Я посмотрел на пустые улицы и переросшие газоны, на единственную малиновую дверь среди коричневых и ржавых соседей. И улыбнулся.
— Да, это здесь.
Я бросил очки и кепку в машине. Здесь не будет пронырливых папарацци.
Я дважды постучал и дверь широко распахнулась. Ребенок таращился на меня из тени дверного проема. Осмотрев мои дорогие джинсы и модную рубашку на кнопках, девочка насторожилась, с личика пропало выражение радости от прихода гостя. Она перевела взгляд на мое лицо, ничуть не впечатлившись.
— Вы кто? — потребовала маленькая хозяйка со знакомым высокомерием.
Я ухмыльнулся и уже открыл было рот, чтобы ответить.
— Кейси, кто пришел? — знакомый голос покричал из глубины дома. Из кухни, догадался я.

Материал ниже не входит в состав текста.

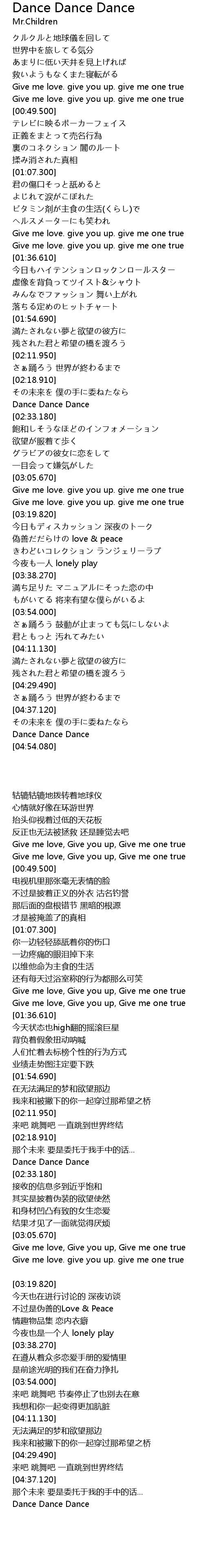 | [00:35.330] | Give me love. give you up. give me one true |

Не отрывая от меня узких глаз, Кейси закричала в ответ, явно перебарщивая с громкостью звука.
— Здесь какой-то мужчина. Он не говорит, кто он. У него один из тех длинных лимузинов.
— Если только у него при себе нет еще и одного из тех длинных чеков, скажи, что он промазал домом... Ему, наверное, нужна Аманда, через три дома вниз по улице, — пожилая женщина проорала в ответ, ничуть не обеспокоившись.
Я закатил глаза и, послав маленькому стражу двери последний взгляд, закричал поверх ее головы.
— Я весь мир проехал, чтобы повидаться с тобой, и получаю вот такой прием?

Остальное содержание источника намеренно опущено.